REPUBLIKA.CO.ID, JAKARTA -- Menteri Koordinator Bidang Politik, Hukum dan Keamanan (Menko Polhukam) Mahfud MD berharap Komisi Pemberantasan Korupsi (KPK) membuktikan jika lembaga itu tidak menjadi lemah pascadisahkannya UU Nomor 19 Tahun 2019 tentang KPK. Terkait Operasi Tangkap Tangan (OTT) terhadap Bupati Sidoarjo Saiful Ilah pada Selasa (7/1), Mahfud berharap KPK juga semakin berani membongkar kasus-kasus besar.
"Mari kita berharap karena undang-undang sudah jadi mudah-mudahan KPK tidak menjadi lemah," ujarnya di kantor Kemenkopolhukam, Rabu (8/1).
Mahfud mengatakan, sejumlah pihak termasuk dirinya sebelum menjadi menteri mengkhawatirkan revisi UU KPK membuat KPK tidak bisa lagi melakukan OTT. Sebab, UU Nomor 19 itu menyebutkan harus ada izin dewan pengawas untuk KPK melakukan penyadapan, penggeledahan, dan/atau penyitaan.
"Ini ternyata tidak kan artinya bisa OTT dan dewan pengawasnya bisa cepat memberi persetujuan dan tidak bocor (informasi sehingga OTT tetap jalan," katanya.
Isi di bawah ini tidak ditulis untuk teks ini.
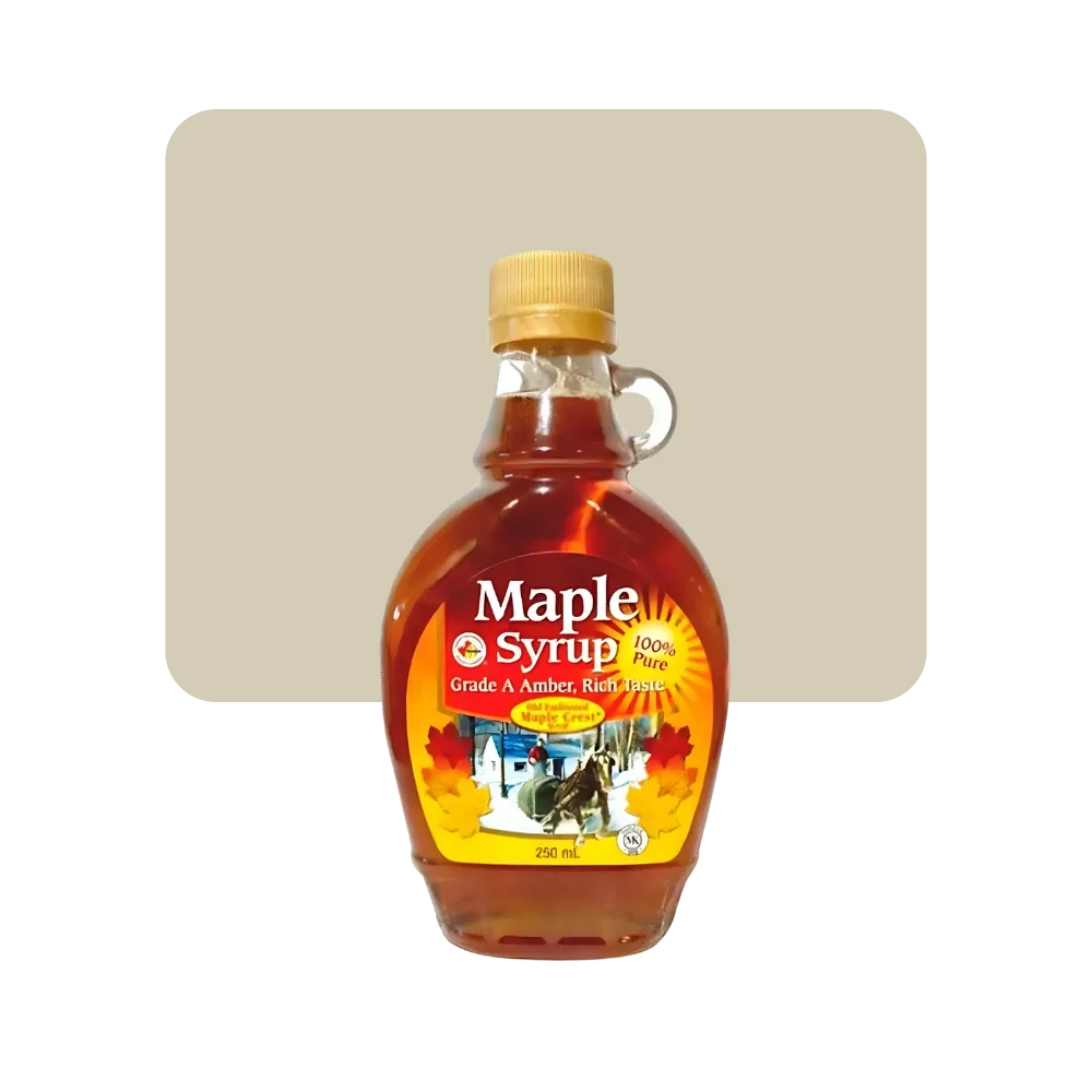 El Jarabe de Arce es un endulzante vegetal, de delicioso sabor dulce y consistencia ligera. Se trata de la savia del árbol de Arce. Rico energía y en flavonoides de propiedades antioxidantes, que ayudan a prevenir el envejecimiento celular y el desarrollo de enfermedades degenerativas. Brinda vitaminas B1, B2 y minerales, como calcio, zinc y manganeso. Es un sabroso complemento para todo tipo de platos.

Mahfud tak menampik jika kasus yang menyebabkan OTT Bupati Sidoarjo merupakan kasus yang digarap sejak kepempimpinan KPK periode sebelumnya dan sebelum UU KPK direvisi. Akan tetapi, kata dia, kebijakan boleh OTT per 19 Desember 2019 lalu sepenuhnya atas kewenangan dewan pengawas.
"Berarti tidak ada minimal sampai hari ini sudah mulai terlihat ada tanda bahwa dewan pengawas ini akan proporsional bekerja sehingga OTT jika diperlukan bisa dilakukan. Tetapi ingat presiden memang ingin KPK itu kuat," ujar Mahfud.
Ia menuturkan, KPK kuat apabila berani menabrak dan membongkar kasus-kasus besar, seperti kasus Jiwasraya. Pemerintah mendukung KPK terus melakukan OTT.
"Ya jangan hanya OTT kecil itu lah. Maksudnya kita dukung OTT jalan terus tetapi juga supaya yang besar-besar ini dibuka agar ada buktinya. Kita berharap juga Kejaksaan Agung, Polri bisa membuka yang besar-besar termasuk Jiwasraya itu kita kawal," lanjut Mahfud.